◆ **WORK REQUEST**
From the listing that follows, extract every line and set it down unaltered.
[TASK DATA]
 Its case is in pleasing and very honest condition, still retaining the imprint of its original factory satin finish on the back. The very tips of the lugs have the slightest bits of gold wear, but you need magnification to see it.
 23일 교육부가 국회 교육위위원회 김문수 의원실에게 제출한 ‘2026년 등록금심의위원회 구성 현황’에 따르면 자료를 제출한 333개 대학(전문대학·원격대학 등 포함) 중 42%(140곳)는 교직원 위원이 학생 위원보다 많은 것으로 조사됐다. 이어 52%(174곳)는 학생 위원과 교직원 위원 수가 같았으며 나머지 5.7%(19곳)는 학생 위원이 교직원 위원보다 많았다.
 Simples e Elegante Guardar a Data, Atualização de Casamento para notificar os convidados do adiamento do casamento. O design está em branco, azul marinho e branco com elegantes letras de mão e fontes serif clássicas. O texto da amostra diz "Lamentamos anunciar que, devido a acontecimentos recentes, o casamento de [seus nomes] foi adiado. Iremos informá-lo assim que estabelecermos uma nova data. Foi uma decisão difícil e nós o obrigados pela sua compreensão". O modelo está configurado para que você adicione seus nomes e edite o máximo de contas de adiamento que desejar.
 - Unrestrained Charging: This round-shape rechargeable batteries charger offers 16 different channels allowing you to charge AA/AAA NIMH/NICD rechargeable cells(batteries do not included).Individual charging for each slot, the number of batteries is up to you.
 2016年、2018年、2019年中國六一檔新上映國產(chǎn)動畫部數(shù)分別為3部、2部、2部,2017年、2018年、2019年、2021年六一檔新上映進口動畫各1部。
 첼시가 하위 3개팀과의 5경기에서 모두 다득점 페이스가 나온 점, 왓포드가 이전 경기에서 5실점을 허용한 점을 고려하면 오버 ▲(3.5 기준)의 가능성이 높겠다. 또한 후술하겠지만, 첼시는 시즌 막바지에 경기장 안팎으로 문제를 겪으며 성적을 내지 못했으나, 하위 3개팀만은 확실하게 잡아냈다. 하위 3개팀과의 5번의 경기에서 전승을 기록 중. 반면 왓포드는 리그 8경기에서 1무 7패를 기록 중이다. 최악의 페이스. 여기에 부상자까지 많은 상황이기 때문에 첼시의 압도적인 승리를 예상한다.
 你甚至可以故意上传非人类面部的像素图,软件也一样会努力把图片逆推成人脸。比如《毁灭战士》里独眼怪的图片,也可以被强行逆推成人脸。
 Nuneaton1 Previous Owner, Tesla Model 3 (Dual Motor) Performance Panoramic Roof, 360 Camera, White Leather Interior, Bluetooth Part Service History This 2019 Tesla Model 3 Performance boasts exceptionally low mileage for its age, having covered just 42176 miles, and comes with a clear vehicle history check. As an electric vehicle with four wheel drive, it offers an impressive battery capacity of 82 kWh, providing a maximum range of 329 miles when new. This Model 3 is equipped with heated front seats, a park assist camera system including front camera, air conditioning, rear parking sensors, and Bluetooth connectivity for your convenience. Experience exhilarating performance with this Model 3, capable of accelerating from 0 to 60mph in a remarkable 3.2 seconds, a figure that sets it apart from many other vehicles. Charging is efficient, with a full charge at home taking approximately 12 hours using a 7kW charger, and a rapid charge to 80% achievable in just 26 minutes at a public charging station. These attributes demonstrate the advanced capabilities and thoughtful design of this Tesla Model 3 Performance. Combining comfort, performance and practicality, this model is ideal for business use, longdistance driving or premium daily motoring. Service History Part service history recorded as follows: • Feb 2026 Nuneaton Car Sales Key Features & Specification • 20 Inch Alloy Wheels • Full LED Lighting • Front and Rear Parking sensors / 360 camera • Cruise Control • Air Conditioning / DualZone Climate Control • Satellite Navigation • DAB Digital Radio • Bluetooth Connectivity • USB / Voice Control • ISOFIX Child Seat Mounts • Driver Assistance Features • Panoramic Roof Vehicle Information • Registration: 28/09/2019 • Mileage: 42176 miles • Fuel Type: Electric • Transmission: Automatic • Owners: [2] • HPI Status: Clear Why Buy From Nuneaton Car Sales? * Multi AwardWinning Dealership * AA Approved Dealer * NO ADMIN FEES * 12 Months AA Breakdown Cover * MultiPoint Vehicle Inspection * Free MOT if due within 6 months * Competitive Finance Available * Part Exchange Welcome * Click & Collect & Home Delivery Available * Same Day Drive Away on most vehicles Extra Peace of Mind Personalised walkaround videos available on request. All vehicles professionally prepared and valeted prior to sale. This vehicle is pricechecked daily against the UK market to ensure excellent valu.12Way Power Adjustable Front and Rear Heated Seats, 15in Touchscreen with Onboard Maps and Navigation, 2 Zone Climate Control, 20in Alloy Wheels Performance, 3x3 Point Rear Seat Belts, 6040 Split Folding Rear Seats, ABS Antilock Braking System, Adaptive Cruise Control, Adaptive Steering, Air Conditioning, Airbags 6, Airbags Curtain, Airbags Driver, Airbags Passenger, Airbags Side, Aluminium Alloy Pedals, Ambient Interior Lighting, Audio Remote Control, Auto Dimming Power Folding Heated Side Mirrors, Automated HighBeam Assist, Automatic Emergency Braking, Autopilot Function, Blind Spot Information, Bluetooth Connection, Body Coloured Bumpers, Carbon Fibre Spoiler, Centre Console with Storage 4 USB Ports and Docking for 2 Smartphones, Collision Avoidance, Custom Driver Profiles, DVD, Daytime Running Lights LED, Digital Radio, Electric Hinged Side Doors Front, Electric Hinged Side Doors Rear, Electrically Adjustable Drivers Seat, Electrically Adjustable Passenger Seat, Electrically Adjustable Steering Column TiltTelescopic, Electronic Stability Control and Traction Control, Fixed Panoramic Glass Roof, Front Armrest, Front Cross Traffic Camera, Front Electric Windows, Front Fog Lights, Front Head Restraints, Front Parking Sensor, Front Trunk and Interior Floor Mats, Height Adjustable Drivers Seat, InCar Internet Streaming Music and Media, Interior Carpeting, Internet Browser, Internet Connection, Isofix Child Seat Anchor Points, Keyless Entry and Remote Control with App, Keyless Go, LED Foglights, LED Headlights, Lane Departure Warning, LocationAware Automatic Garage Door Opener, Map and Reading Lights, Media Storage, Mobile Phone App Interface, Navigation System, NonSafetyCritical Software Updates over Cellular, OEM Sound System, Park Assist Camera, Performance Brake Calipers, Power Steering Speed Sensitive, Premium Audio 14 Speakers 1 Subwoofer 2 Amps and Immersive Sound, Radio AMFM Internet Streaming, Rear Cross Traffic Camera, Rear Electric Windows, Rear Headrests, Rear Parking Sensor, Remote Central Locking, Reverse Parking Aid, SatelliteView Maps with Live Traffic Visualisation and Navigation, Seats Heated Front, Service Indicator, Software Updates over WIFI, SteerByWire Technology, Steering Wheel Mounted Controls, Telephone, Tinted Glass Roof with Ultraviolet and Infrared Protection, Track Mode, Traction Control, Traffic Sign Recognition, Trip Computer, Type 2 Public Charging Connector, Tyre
[/TASK DATA]
◆ **SOLUTION TO THE EXERCISE**
 Its case is in pleasing and very honest condition, still retaining the imprint of its original factory satin finish on the back. The very tips of the lugs have the slightest bits of gold wear, but you need magnification to see it.
 23일 교육부가 국회 교육위위원회 김문수 의원실에게 제출한 ‘2026년 등록금심의위원회 구성 현황’에 따르면 자료를 제출한 333개 대학(전문대학·원격대학 등 포함) 중 42%(140곳)는 교직원 위원이 학생 위원보다 많은 것으로 조사됐다. 이어 52%(174곳)는 학생 위원과 교직원 위원 수가 같았으며 나머지 5.7%(19곳)는 학생 위원이 교직원 위원보다 많았다.
 Simples e Elegante Guardar a Data, Atualização de Casamento para notificar os convidados do adiamento do casamento. O design está em branco, azul marinho e branco com elegantes letras de mão e fontes serif clássicas. O texto da amostra diz "Lamentamos anunciar que, devido a acontecimentos recentes, o casamento de [seus nomes] foi adiado. Iremos informá-lo assim que estabelecermos uma nova data. Foi uma decisão difícil e nós o obrigados pela sua compreensão". O modelo está configurado para que você adicione seus nomes e edite o máximo de contas de adiamento que desejar.
 - Unrestrained Charging: This round-shape rechargeable batteries charger offers 16 different channels allowing you to charge AA/AAA NIMH/NICD rechargeable cells(batteries do not included).Individual charging for each slot, the number of batteries is up to you.
 2016年、2018年、2019年中國六一檔新上映國產(chǎn)動畫部數(shù)分別為3部、2部、2部,2017年、2018年、2019年、2021年六一檔新上映進口動畫各1部。
 첼시가 하위 3개팀과의 5경기에서 모두 다득점 페이스가 나온 점, 왓포드가 이전 경기에서 5실점을 허용한 점을 고려하면 오버 ▲(3.5 기준)의 가능성이 높겠다. 또한 후술하겠지만, 첼시는 시즌 막바지에 경기장 안팎으로 문제를 겪으며 성적을 내지 못했으나, 하위 3개팀만은 확실하게 잡아냈다. 하위 3개팀과의 5번의 경기에서 전승을 기록 중. 반면 왓포드는 리그 8경기에서 1무 7패를 기록 중이다. 최악의 페이스. 여기에 부상자까지 많은 상황이기 때문에 첼시의 압도적인 승리를 예상한다.
 你甚至可以故意上传非人类面部的像素图,软件也一样会努力把图片逆推成人脸。比如《毁灭战士》里独眼怪的图片,也可以被强行逆推成人脸。
 Nuneaton1 Previous Owner, Tesla Model 3 (Dual Motor) Performance Panoramic Roof, 360 Camera, White Leather Interior, Bluetooth Part Service History This 2019 Tesla Model 3 Performance boasts exceptionally low mileage for its age, having covered just 42176 miles, and comes with a clear vehicle history check. As an electric vehicle with four wheel drive, it offers an impressive battery capacity of 82 kWh, providing a maximum range of 329 miles when new. This Model 3 is equipped with heated front seats, a park assist camera system including front camera, air conditioning, rear parking sensors, and Bluetooth connectivity for your convenience. Experience exhilarating performance with this Model 3, capable of accelerating from 0 to 60mph in a remarkable 3.2 seconds, a figure that sets it apart from many other vehicles. Charging is efficient, with a full charge at home taking approximately 12 hours using a 7kW charger, and a rapid charge to 80% achievable in just 26 minutes at a public charging station. These attributes demonstrate the advanced capabilities and thoughtful design of this Tesla Model 3 Performance. Combining comfort, performance and practicality, this model is ideal for business use, longdistance driving or premium daily motoring. Service History Part service history recorded as follows: • Feb 2026 Nuneaton Car Sales Key Features & Specification • 20 Inch Alloy Wheels • Full LED Lighting • Front and Rear Parking sensors / 360 camera • Cruise Control • Air Conditioning / DualZone Climate Control • Satellite Navigation • DAB Digital Radio • Bluetooth Connectivity • USB / Voice Control • ISOFIX Child Seat Mounts • Driver Assistance Features • Panoramic Roof Vehicle Information • Registration: 28/09/2019 • Mileage: 42176 miles • Fuel Type: Electric • Transmission: Automatic • Owners: [2] • HPI Status: Clear Why Buy From Nuneaton Car Sales? * Multi AwardWinning Dealership * AA Approved Dealer * NO ADMIN FEES * 12 Months AA Breakdown Cover * MultiPoint Vehicle Inspection * Free MOT if due within 6 months * Competitive Finance Available * Part Exchange Welcome * Click & Collect & Home Delivery Available * Same Day Drive Away on most vehicles Extra Peace of Mind Personalised walkaround videos available on request. All vehicles professionally prepared and valeted prior to sale. This vehicle is pricechecked daily against the UK market to ensure excellent valu.12Way Power Adjustable Front and Rear Heated Seats, 15in Touchscreen with Onboard Maps and Navigation, 2 Zone Climate Control, 20in Alloy Wheels Performance, 3x3 Point Rear Seat Belts, 6040 Split Folding Rear Seats, ABS Antilock Braking System, Adaptive Cruise Control, Adaptive Steering, Air Conditioning, Airbags 6, Airbags Curtain, Airbags Driver, Airbags Passenger, Airbags Side, Aluminium Alloy Pedals, Ambient Interior Lighting, Audio Remote Control, Auto Dimming Power Folding Heated Side Mirrors, Automated HighBeam Assist, Automatic Emergency Braking, Autopilot Function, Blind Spot Information, Bluetooth Connection, Body Coloured Bumpers, Carbon Fibre Spoiler, Centre Console with Storage 4 USB Ports and Docking for 2 Smartphones, Collision Avoidance, Custom Driver Profiles, DVD, Daytime Running Lights LED, Digital Radio, Electric Hinged Side Doors Front, Electric Hinged Side Doors Rear, Electrically Adjustable Drivers Seat, Electrically Adjustable Passenger Seat, Electrically Adjustable Steering Column TiltTelescopic, Electronic Stability Control and Traction Control, Fixed Panoramic Glass Roof, Front Armrest, Front Cross Traffic Camera, Front Electric Windows, Front Fog Lights, Front Head Restraints, Front Parking Sensor, Front Trunk and Interior Floor Mats, Height Adjustable Drivers Seat, InCar Internet Streaming Music and Media, Interior Carpeting, Internet Browser, Internet Connection, Isofix Child Seat Anchor Points, Keyless Entry and Remote Control with App, Keyless Go, LED Foglights, LED Headlights, Lane Departure Warning, LocationAware Automatic Garage Door Opener, Map and Reading Lights, Media Storage, Mobile Phone App Interface, Navigation System, NonSafetyCritical Software Updates over Cellular, OEM Sound System, Park Assist Camera, Performance Brake Calipers, Power Steering Speed Sensitive, Premium Audio 14 Speakers 1 Subwoofer 2 Amps and Immersive Sound, Radio AMFM Internet Streaming, Rear Cross Traffic Camera, Rear Electric Windows, Rear Headrests, Rear Parking Sensor, Remote Central Locking, Reverse Parking Aid, SatelliteView Maps with Live Traffic Visualisation and Navigation, Seats Heated Front, Service Indicator, Software Updates over WIFI, SteerByWire Technology, Steering Wheel Mounted Controls, Telephone, Tinted Glass Roof with Ultraviolet and Infrared Protection, Track Mode, Traction Control, Traffic Sign Recognition, Trip Computer, Type 2 Public Charging Connector, Tyre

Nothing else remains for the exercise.